Task instructions
What's needed is an exact copy of the lines from the one that contains "In the Court" to the end of the data below, leaving the pictures out.

Information provided
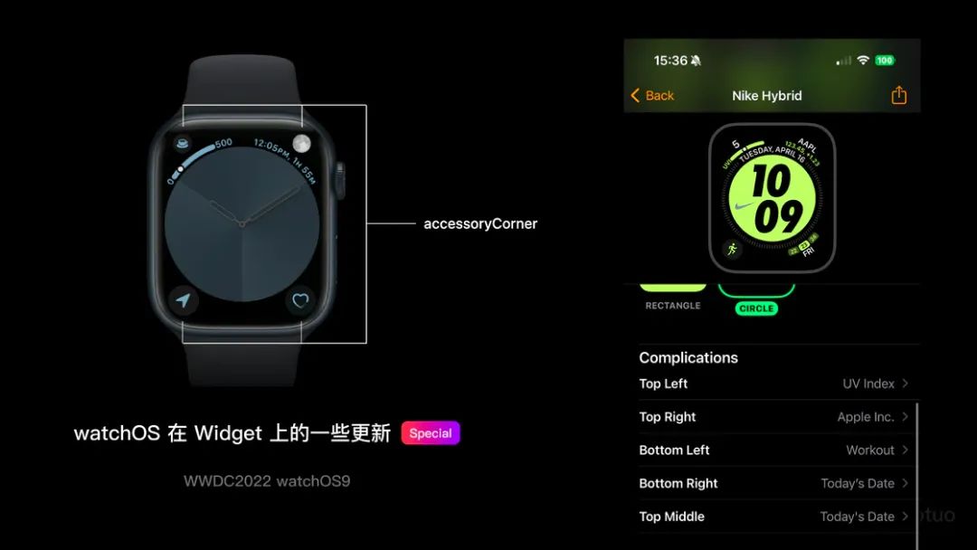 苹果在表盘上为手表屏幕的每一个角落设计了独特的功能,这就是所谓的「accessory Corner」。根据表盘的不同,有很多渲染方法,有时是平的,有时是为了与刻度表相匹配而显示弯曲。
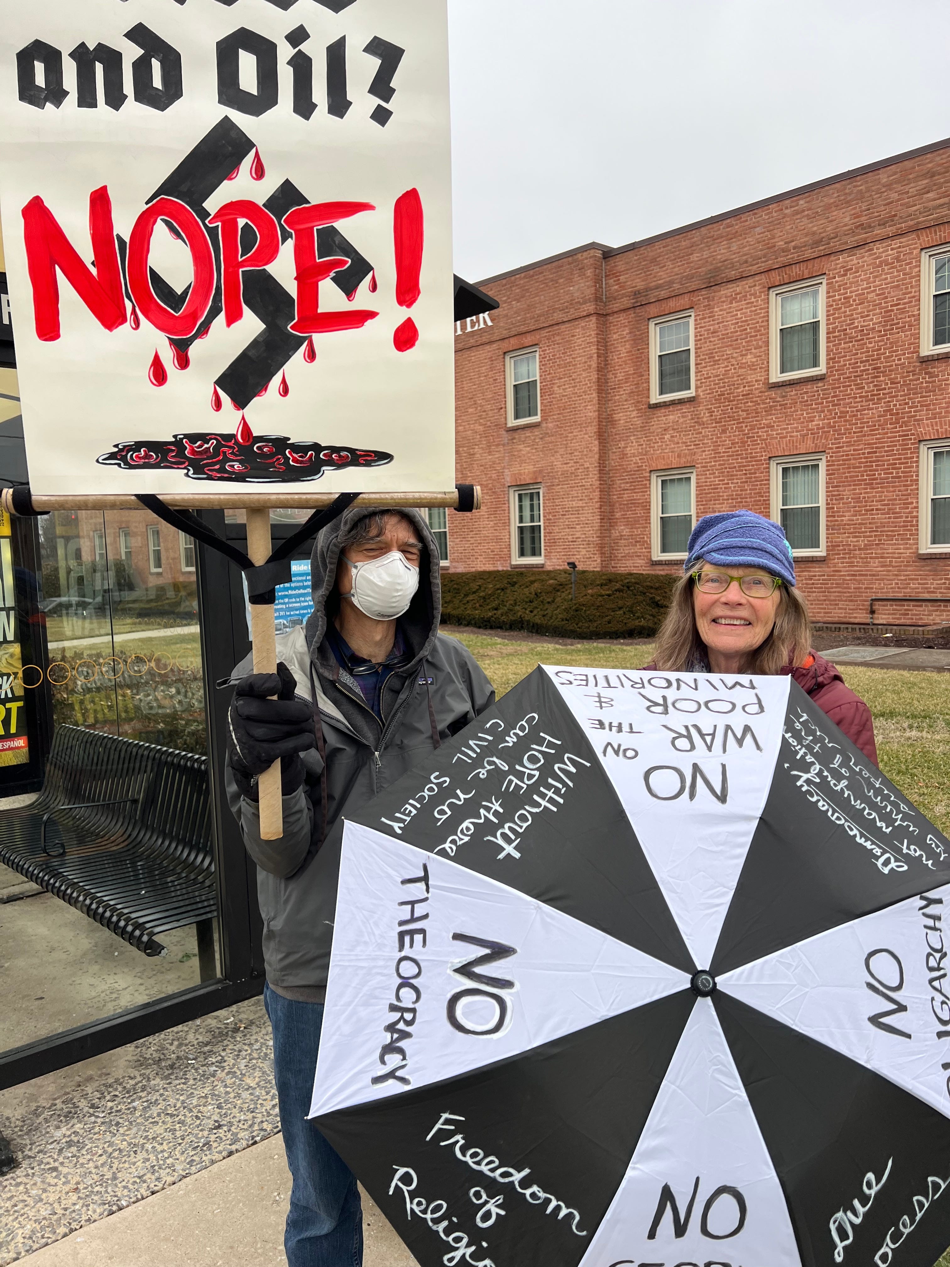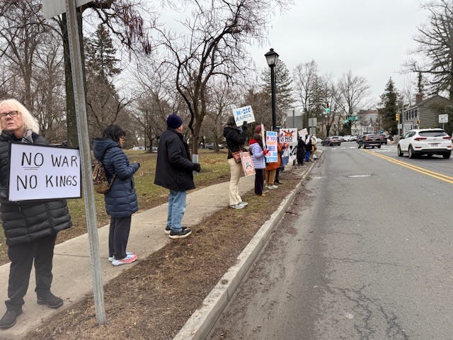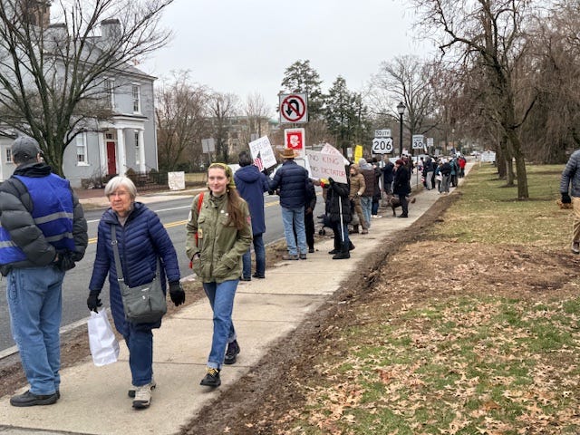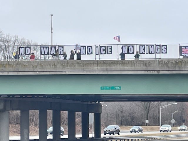 Princeton, NJ’s second monthly honk-and-wave rally was organized by Indivisible on a cold, gray Friday. Lots of honking and waving from about 80% of passing vehicles, and some had their own anti-Trump signs.
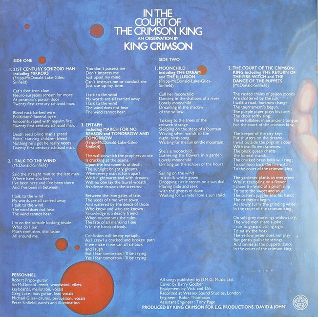 In the Court of the Crimson King (subtitled An Observation by King Crimson) is the debut studio album by English progressive rock band King Crimson, released on 10 October 1969 by Island Records. The album is one of the earliest and most influential of the progressive rock genre, where the band combined the musical influences that rock music was founded upon with elements of jazz, classical, and symphonic music.
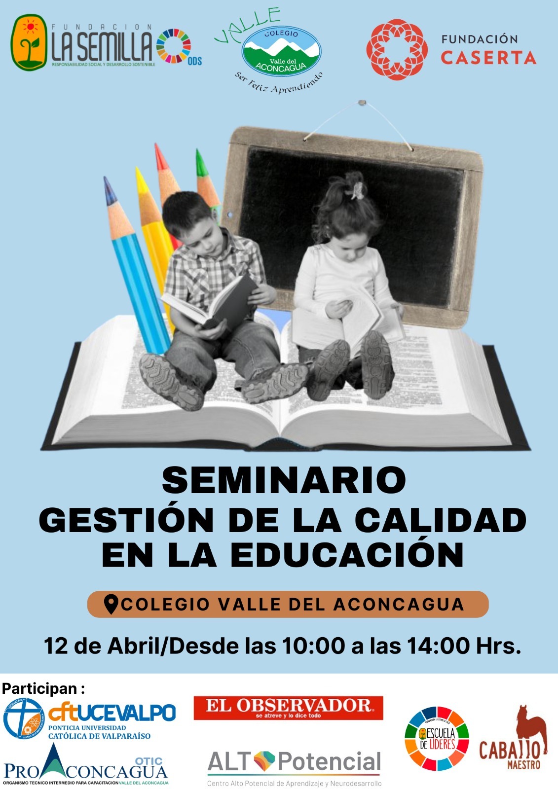 Se trata del seminario “Gestión de la Calidad en la Educación”, organizada por el establecimiento educativo en conjunto con Fundación La Semilla y Fundación Caserta, oportunidad en la cual se realizarán charlas de apoyo educativo, la presentación de modelos de estimulación y charla de potenciación de talentos.

Answer to this problem
 In the Court of the Crimson King (subtitled An Observation by King Crimson) is the debut studio album by English progressive rock band King Crimson, released on 10 October 1969 by Island Records. The album is one of the earliest and most influential of the progressive rock genre, where the band combined the musical influences that rock music was founded upon with elements of jazz, classical, and symphonic music.
 Se trata del seminario “Gestión de la Calidad en la Educación”, organizada por el establecimiento educativo en conjunto con Fundación La Semilla y Fundación Caserta, oportunidad en la cual se realizarán charlas de apoyo educativo, la presentación de modelos de estimulación y charla de potenciación de talentos.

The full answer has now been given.